Additionally, if you need triton support, you can install it using “make triton”. However, I haven’t had time to study triton yet, so I haven’t tried it myself.

Build

export _GLIBCXX_USE_CXX11_ABI=1

export CMAKE_PREFIX_PATH=${CONDA_PREFIX:-"$(dirname $(which conda))/../"}
DEBUG=1 MAX_JOBS=96 python setup.py develop

The first environment variable instructs gcc to use the new C++ ABI; the second environment variable tells CMAKE where to install libtorch and other components; the last one is the standard (deprecated) method of installing Python, where DEBUG=1 tells CMAKE to build a debug version, and MAX_JOBS specifies the number of compiler (default is ninja) tasks, which should be set based on the number of CPU cores on your machine. The default value is num_sockets * cores_per_socket * threads_per_core.

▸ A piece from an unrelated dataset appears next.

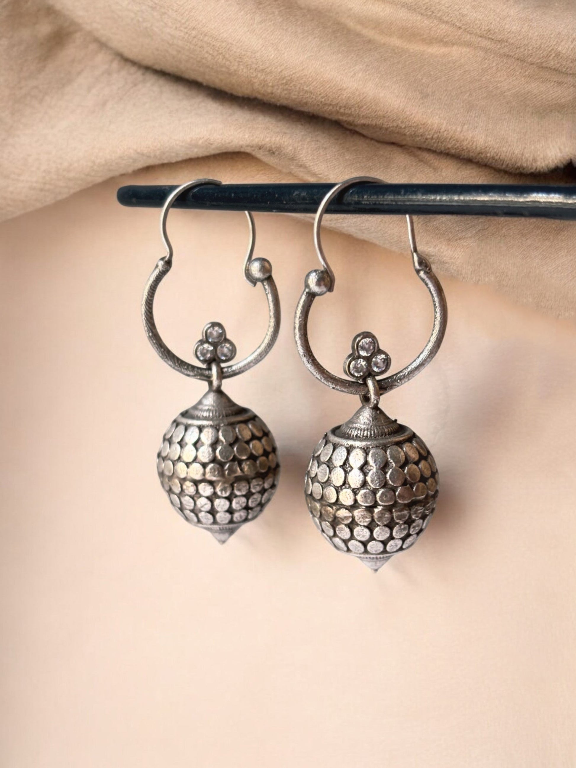 Product Description : Elevate your everyday with Kunda, a stunning pair of oxidized hoop earrings featuring a dome-shaped dangle at the base. Crafted in oxidized brass with antique silver plating, these balis fuse the classic hoop silhouette with detailed tribal textures. Lightweight yet statement-worthy, they are perfect for adding a vintage flair to both ethnic and fusion looks.
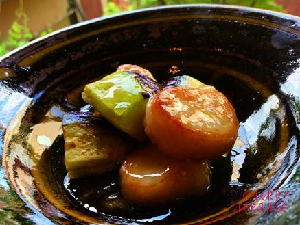 • 器に賀茂茄子と帆立貝を盛り付け、3の琥珀あんをかける。

Since CMAKE output is extensive, we can redirect the output to a file using tee. Additionally, to compile cuSPARSELt, we need to set:

CUSPARSELT_ROOT_DIR=/home/ubuntu/libcusparse_lt-linux-x86_64-0.6.0.6-archive/lib CUSPARSELT_INCLUDE_PATH=/home/ubuntu/libcusparse_lt-linux-x86_64-0.6.0.6-archive/include DEBUG=1 MAX_JOBS=96 python setup.py develop 2>&1 |tee build.log

If your system doesn’t have MPI or the built MPI doesn’t support CUDA, you can disable it using “USE_MPI=0”.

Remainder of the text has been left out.